Input material:
--*--

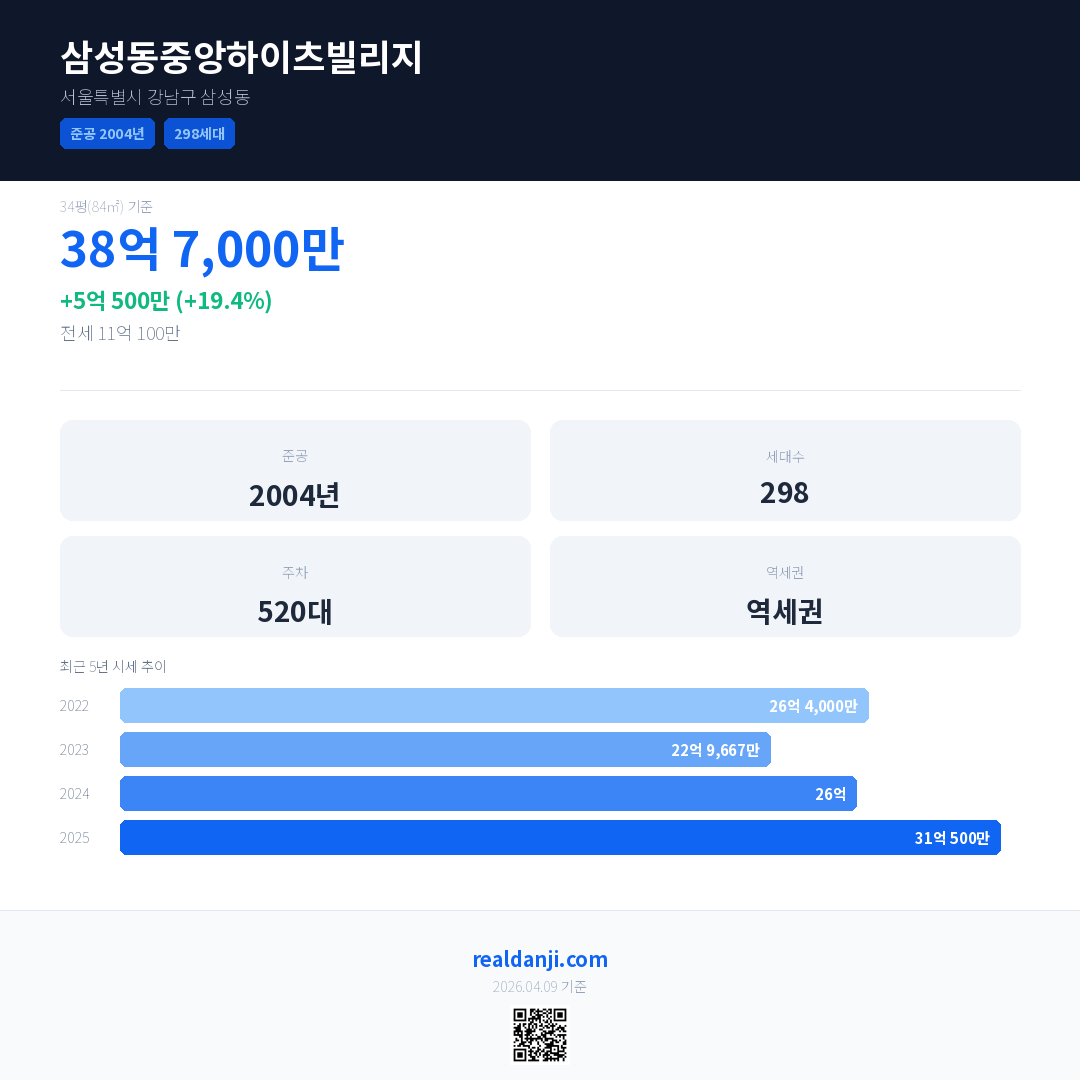 삼성동중앙하이츠빌리지 국민평형 기준 2025년 평균 거래가는 31억 500만으로, 전년 대비 19.4% 상승 했습니다.
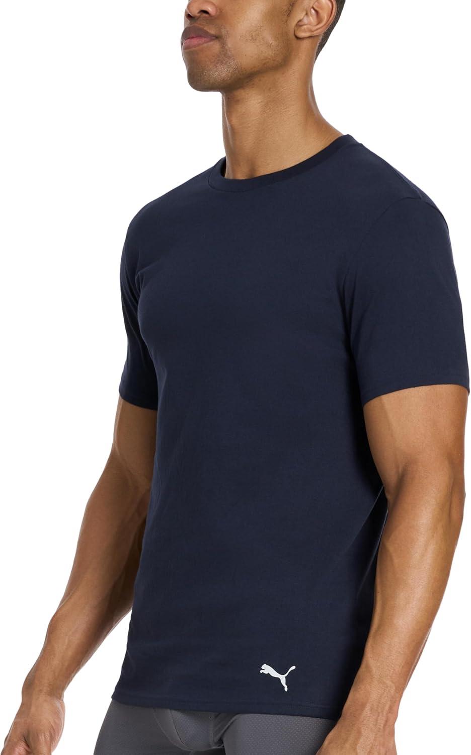 PUMA Men's 4 Pack Cotton Crewneck Short Sleeve T-Shirt(Black/Grey/White/Navy)
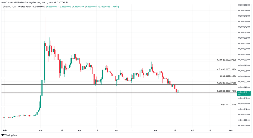 Tämä on myös alue, jossa 0, 382 Fibonacci-taso sijaitsee. Samaan aikaan Lookonchain paljasti, että valas keräsi 6.60 miljoonan dollarin arvosta SHIB: tä 20. kesäkuuta.
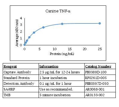 The Canine TNF alpha polyclonal antibody is labeled and has been qualified for use in ELISA. It is the detection antibody in the Kingfisher Biotech Canine TNF alpha ELISA. The Canine TNF alpha polyclonal antibody was produced in goats and is antigen-affinity purified. The reactivity by species is: (Bovine TNFalpha - None) (Canine TNFalpha - Strong) (Caprine TNFalpha - None) (Cynomolgus Monkey TNFalpha - Strong) (Dolphin TNFalpha - None) (Equine TNFalpha - Weak) (Feline TNFalpha - Moderate) (Guinea Pig TNFalpha - None) (Human TNFalpha - Strong) (Mouse TNFalpha - None) (Ovine TNFalpha - None) (Rabbit TNFalpha - Moderate) (Swine TNFalpha - None). For research use only. Made in the USA
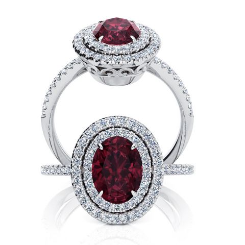 1 3/4 Carat Oval Shape Garnet and Double Halo Diamond Ring In 14 Karat White Gold

--*--

Task requirements:
Print only the lines from the one with "The Canine TNF alpha polyclonal antibody is" through the last line of the data above, exactly and with both ends, and please omit any pictures.

Your response:
 The Canine TNF alpha polyclonal antibody is labeled and has been qualified for use in ELISA. It is the detection antibody in the Kingfisher Biotech Canine TNF alpha ELISA. The Canine TNF alpha polyclonal antibody was produced in goats and is antigen-affinity purified. The reactivity by species is: (Bovine TNFalpha - None) (Canine TNFalpha - Strong) (Caprine TNFalpha - None) (Cynomolgus Monkey TNFalpha - Strong) (Dolphin TNFalpha - None) (Equine TNFalpha - Weak) (Feline TNFalpha - Moderate) (Guinea Pig TNFalpha - None) (Human TNFalpha - Strong) (Mouse TNFalpha - None) (Ovine TNFalpha - None) (Rabbit TNFalpha - Moderate) (Swine TNFalpha - None). For research use only. Made in the USA
 1 3/4 Carat Oval Shape Garnet and Double Halo Diamond Ring In 14 Karat White Gold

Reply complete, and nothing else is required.